- Born: c. 1950
- Education: Brooklyn College
- Occupation: Business executive

= Marjorie Magner =

American business executive

Marjorie Magner (born c. 1950) is an American business executive. She is the co-founder of Brysam Global Partners, a private equity firm, and the chairman of the Gannett Corporation.

==Education==
Marjorie Magner was born around 1950. She graduated from Brooklyn College, with a Bachelor of Science degree in psychology in 1969. She later earned an MSIA from the Krannert School of Management at Purdue University.

==Career==
Magner held various positions within Citigroup Inc., including senior executive vice president and head of consumer banking, from 2003 to 2005.
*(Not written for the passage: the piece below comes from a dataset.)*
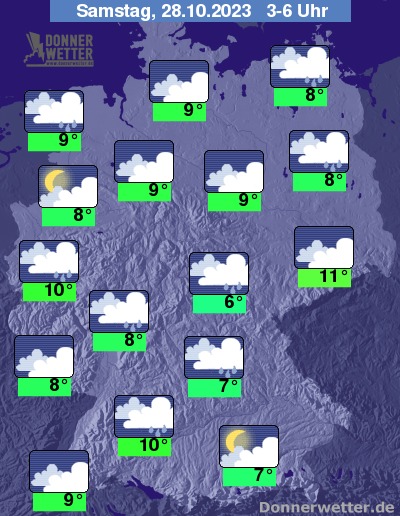 In der Nacht zum Samstag ziehen überwiegend kompakte Wolken durch und es fällt zeitweise Regen. Die Temperatur sinkt auf 11 Grad in Dresden und 6 Grad in Jena.

Magner is the co-founder of Brysam Global Partners, a private equity firm where she serves as a managing partner. Additionally, she is the non-executive chairman of both the Gannett Corporation and Accenture PLC.

Magner also serves on the board of directors of Ally Financial Inc.

Magner was named one of the Most Powerful Women in Business from 2001–2004 in the Fortune magazine list and was ranked #19 in the Forbes magazine list of World's Most Powerful Women.

==Philanthropy==
Magner serves on the board of trustees of the Brooklyn College Foundation, a fundraising organization for her alma mater. She is also a board member of The Forward newspaper and helps raise funds for them.